RAW DATA:

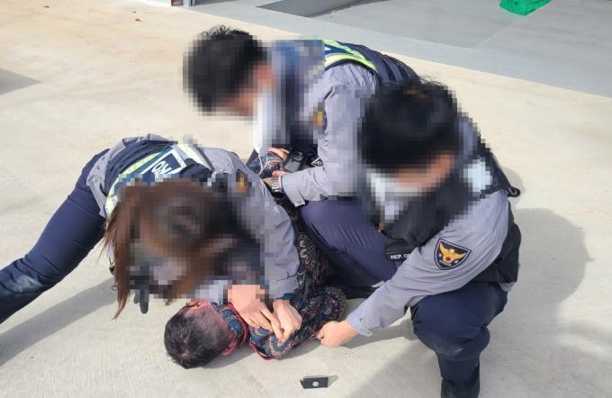 건축주의 신고를 받고 출동한 경찰은 사태를 정리하는 과정에서 거세게 항의하는 한 씨를 시멘트 바닥에 눕혀 뒷수갑을 채워 체포했다. 당시 서창지구대에서 현장에 출동한 경찰은 남자 2명과 여경 1명 등 3명이었다.
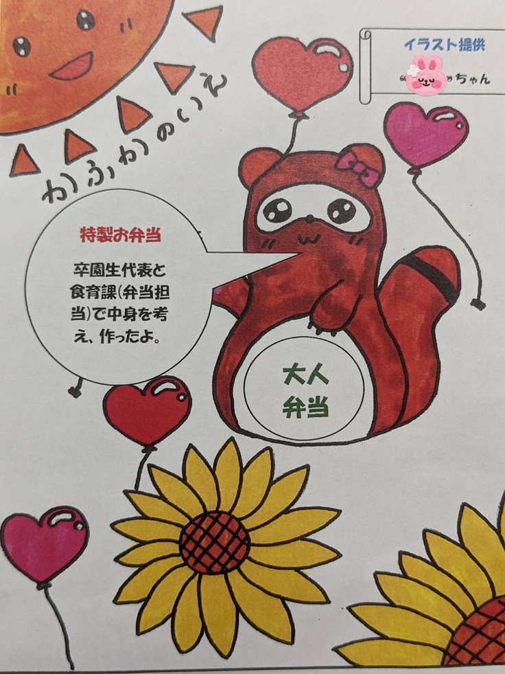 鹿深まつりでは毎年、卒園生と食育課で『卒園生屋台』を出し、日頃、お世話になっている皆さんに軽食をご準備させて頂きましたが、今年度は数年ぶりの開催となった為、午前中で閉会となり残念ながら、屋台を出すことは出来ませんでした。しかし、卒園生で居酒屋を経営している子が子ども達と職員の昼食のお弁当を作ってくれました。また、お弁当の包み紙は子どもがイラストを描いてくれました。
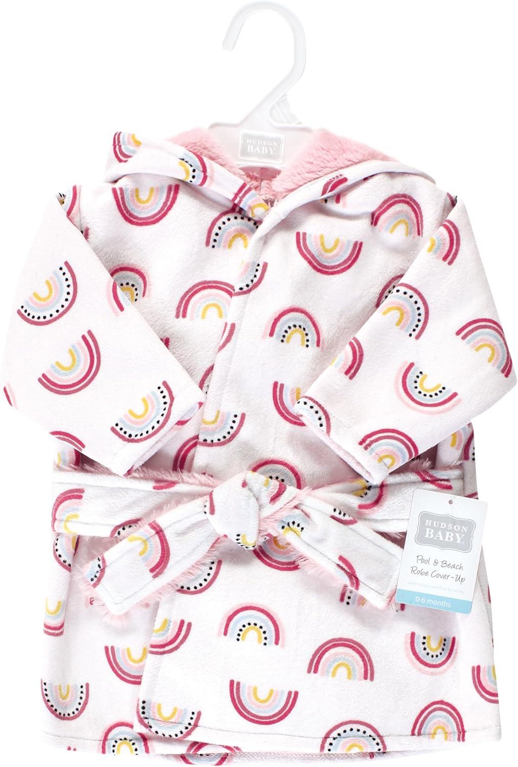 Hudson Baby Unisex Baby Mink with Faux Fur Lining Pool and Beach Robe Cover-ups, Modern Rainbow, 0-6 Months(Modern Rainbow)
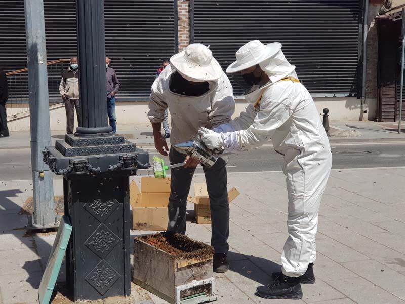 - Çakmak’ın arıların üzerine su sıkıp, süpürge ile bulundukları yerden almaya çalıştığı sırada itfaiye ekibi bölgeye geldi. Arı kıyafeti giyerek duruma müdahale eden itfaiyeciler, kraliçe arıyı yanlarında getirdikleri kovanın içine alarak diğer arıların da gelmesini sağladı. Arının tamamı direkten ayrıldıktan sonra, Ekrem Çakmak arıları sahiplendi.
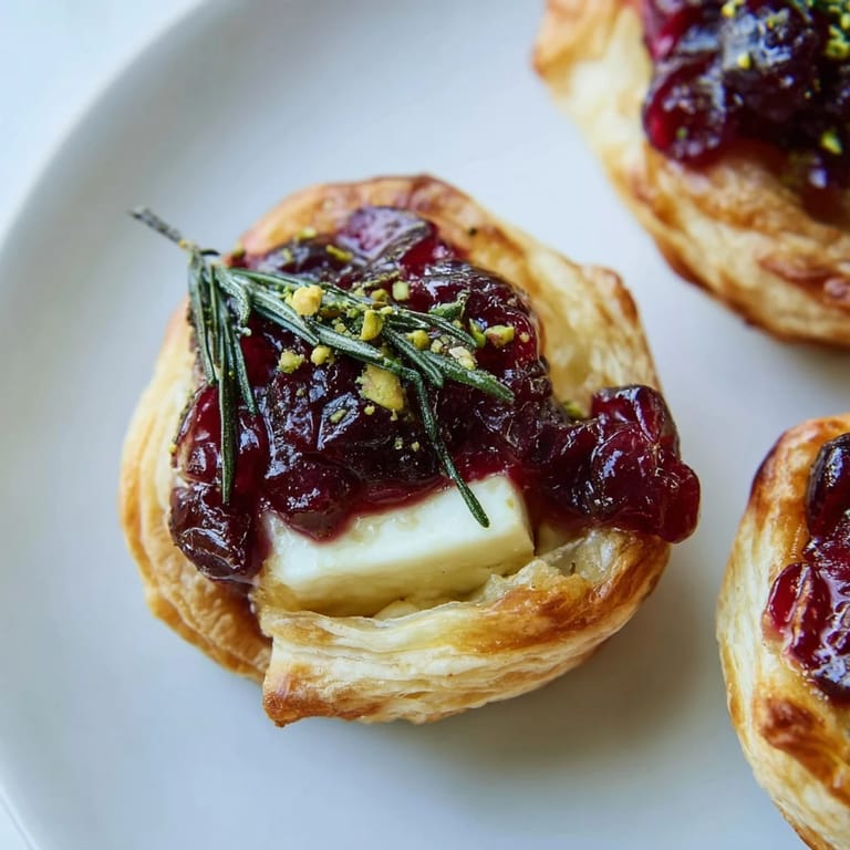 Save A festive, savory tartlet arrangement featuring creamy brie, tangy cranberry sauce, and golden puff pastry, perfect for holiday gatherings.
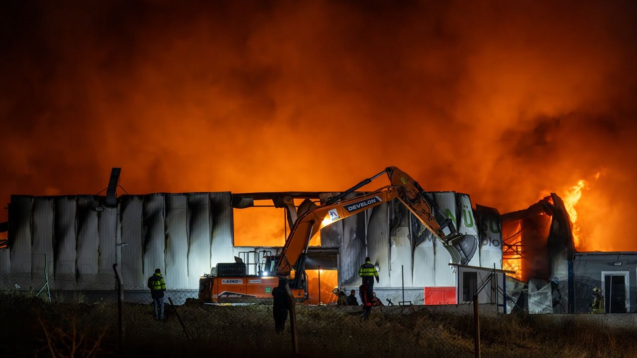 Elmadağ'da Hasanoğlan Organize Sanayi Bölgesi'nde gece saatlerinde, geri dönüşüm fabrikasında henüz belirlenemeyen nedenle yangın çıktı.
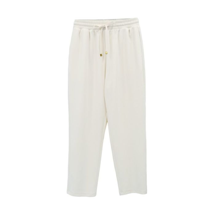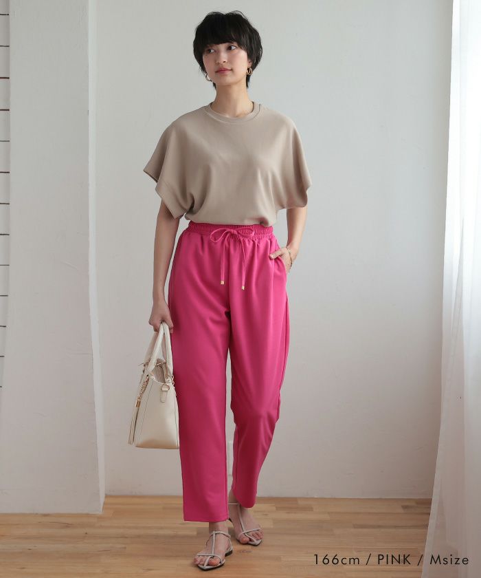 さらっとした梨地素材でロングシーズン使えるうえ、ウエストゴムで穿き心地ラクちん。
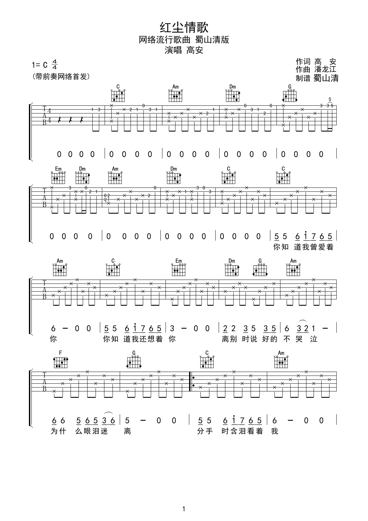曲谱介绍: 高安的红尘情歌吉他谱,蜀山清编配完整版带前奏,C调和弦指法红尘情歌这首网络热门歌曲很多翻唱,也是一首很受欢迎的吉他弹唱歌曲,今次送上红尘情歌六线谱版本希望琴友们喜欢。
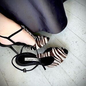 ANGELEIGH ANASTASIO Italy zebra print cowhide leather peep toe, sling back, high heels shoes
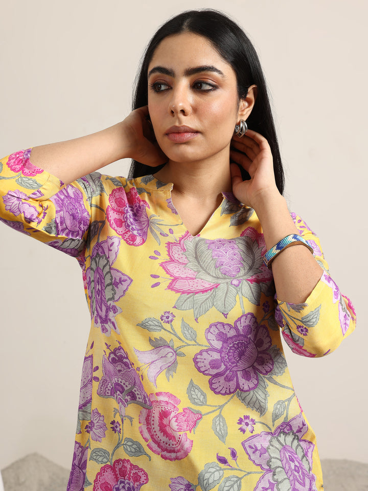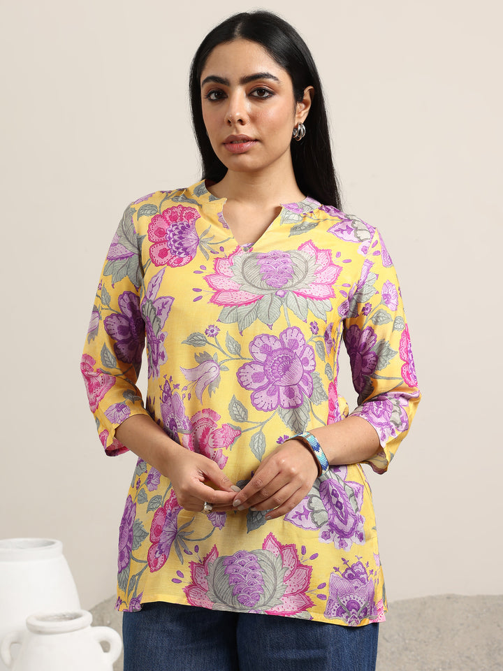 Our yellow and purple printed muslin kurti features a V-neck neckline and three-quarter sleeves. Highlighted with captivating printed embellishments, this style is perfect for festive occasions.
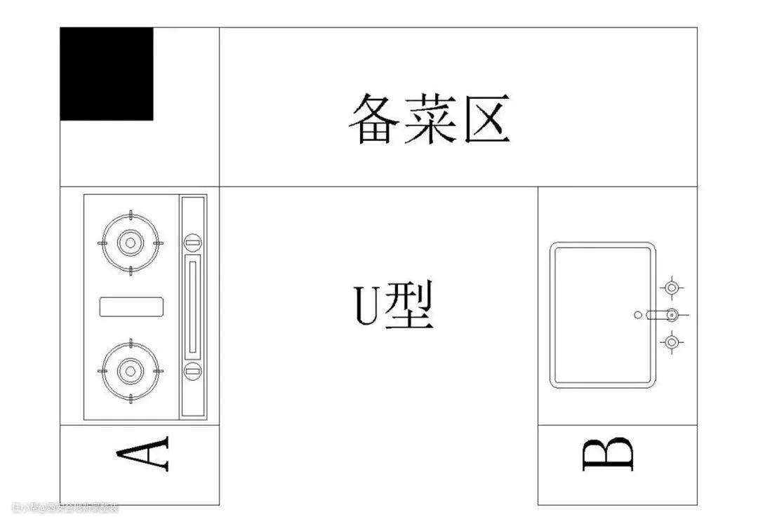最完美的厨房布局方式,动线顺畅,而且在同样空间可以有更长的一个台面。但是要做U型厨柜就需要长方形厨房,同时门开在长边并且不能有阳台门,不是所有厨房都适用。
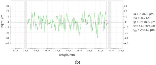 Surface roughness profilograms for steel HS6-5-2 samples after the ESA at discharge energies: (a) 0.36 J, (b) 0.90 J.
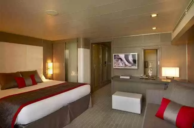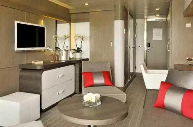 En ellas, los pasajeros encontrarán aire acondicionado individual, televisión por satélite, minibar, altavoz Bose, escritorio con artículos de papelería, tocador, caja fuerte, teléfono por satélite, enchufes de 220 V y Wi-Fi ilimitado. El cuarto de baño privado ofrece una completa selección de productos Hermès y un secador de pelo.
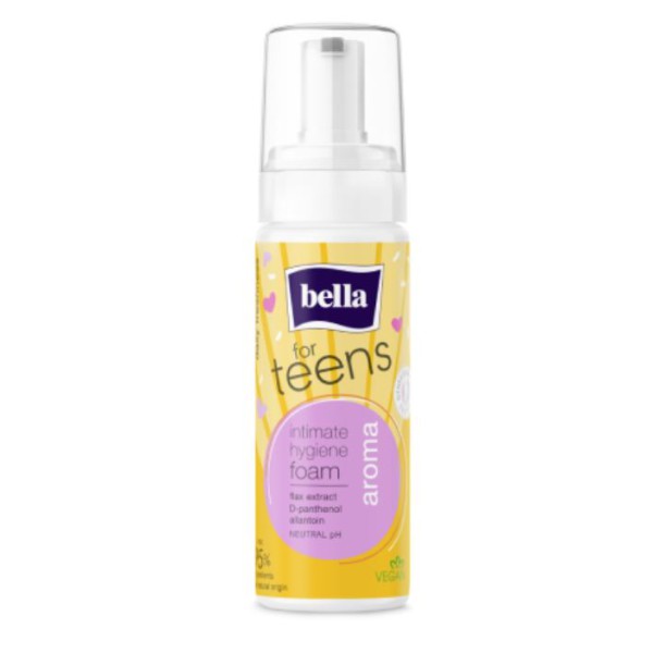 „Bella for Teens Aroma“ subtilaus malonaus kvapo intymios higienos putos su linų sėmenų biokompleksu, D-pantenoliu ir alantoinu pasižymi raminamuoju, švelninamuoju ir drėkinamuoju poveikiu. Putos apsaugo intymios zonos odą ir gleivines nuo išsausėjimo, pašalina diskomforto pojūtį. Neutralus pH neturi neigiamo poveikio mergaičių ir jaunų moterų makšties bakterinei florai. Sudėtyje yra 95 % natūralios kilmės ingredientų. Dermatologų patikrinta, tinka ir jautriai odai.
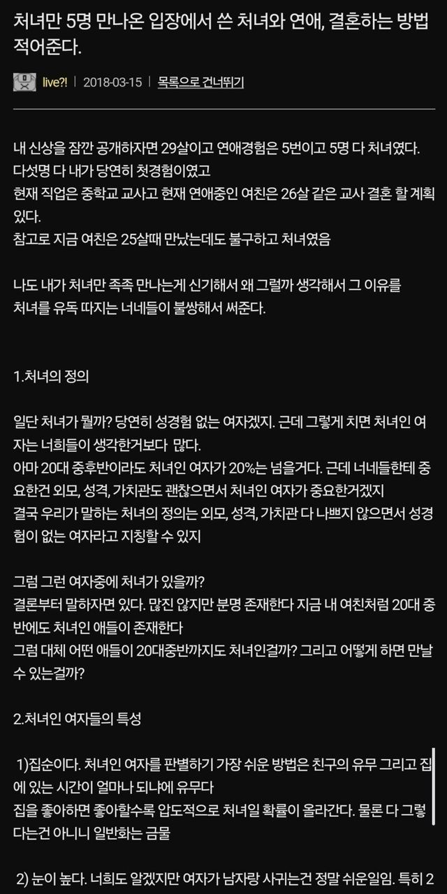 처녀만 5명 만났다는 남자
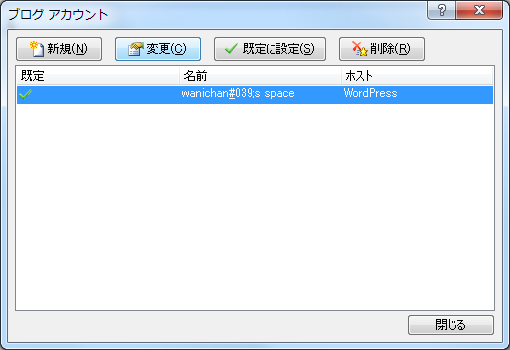 - [ブログアカウント]ダイアログボックスが開いたら、変更したいアカウントを選択して[変更]ボタンをクリックします。
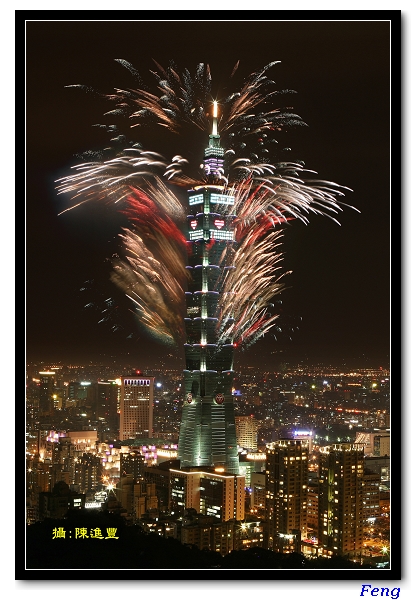 好心的「威利」寄來幾張「101煙火秀」的照片,信上還附帶提到:「基隆攝影學會主編陳進豐拍的2008跨年煙火秀照片,長時間的等待只為了三分鐘,非常非常辛苦,一定要跟妳分享‥‥‥去年他拍的照片被廣告公司收購一幅10萬,呵呵呵~要拍到像他一樣好的照片,設備跟技巧都要夠好才行」。
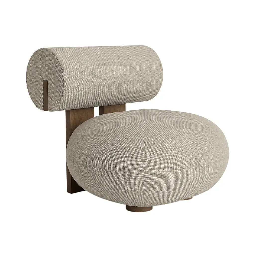 Soft, playful shapes characterise this family of upholstered pieces, the Hippo makes a stylish statement in any interior setting. The Hippo Chair stands on two sturdy legs and a wooden profile connecting the seat and back which in stark contrast to the soft shapes is hard-lined and strong. The Hippo series is influenced by the Hippopotamus mammal drawing upon its barrel-shaped torsos. The characteristic wooden leg profile comes in four different oak finishes; natural, light smoked, dark smoked and black and the seat and back come in a variety of upholstery options.

WORK TASK:
Print only the lines from the opening line of the listing to the line containing "ANGELEIGH ANASTASIO Italy", inclusive, exactly as they appear and without pictures.

SOLVED PROBLEM:
 건축주의 신고를 받고 출동한 경찰은 사태를 정리하는 과정에서 거세게 항의하는 한 씨를 시멘트 바닥에 눕혀 뒷수갑을 채워 체포했다. 당시 서창지구대에서 현장에 출동한 경찰은 남자 2명과 여경 1명 등 3명이었다.
 鹿深まつりでは毎年、卒園生と食育課で『卒園生屋台』を出し、日頃、お世話になっている皆さんに軽食をご準備させて頂きましたが、今年度は数年ぶりの開催となった為、午前中で閉会となり残念ながら、屋台を出すことは出来ませんでした。しかし、卒園生で居酒屋を経営している子が子ども達と職員の昼食のお弁当を作ってくれました。また、お弁当の包み紙は子どもがイラストを描いてくれました。
 Hudson Baby Unisex Baby Mink with Faux Fur Lining Pool and Beach Robe Cover-ups, Modern Rainbow, 0-6 Months(Modern Rainbow)
 - Çakmak’ın arıların üzerine su sıkıp, süpürge ile bulundukları yerden almaya çalıştığı sırada itfaiye ekibi bölgeye geldi. Arı kıyafeti giyerek duruma müdahale eden itfaiyeciler, kraliçe arıyı yanlarında getirdikleri kovanın içine alarak diğer arıların da gelmesini sağladı. Arının tamamı direkten ayrıldıktan sonra, Ekrem Çakmak arıları sahiplendi.
 Save A festive, savory tartlet arrangement featuring creamy brie, tangy cranberry sauce, and golden puff pastry, perfect for holiday gatherings.
 Elmadağ'da Hasanoğlan Organize Sanayi Bölgesi'nde gece saatlerinde, geri dönüşüm fabrikasında henüz belirlenemeyen nedenle yangın çıktı.
 さらっとした梨地素材でロングシーズン使えるうえ、ウエストゴムで穿き心地ラクちん。
曲谱介绍: 高安的红尘情歌吉他谱,蜀山清编配完整版带前奏,C调和弦指法红尘情歌这首网络热门歌曲很多翻唱,也是一首很受欢迎的吉他弹唱歌曲,今次送上红尘情歌六线谱版本希望琴友们喜欢。
 ANGELEIGH ANASTASIO Italy zebra print cowhide leather peep toe, sling back, high heels shoes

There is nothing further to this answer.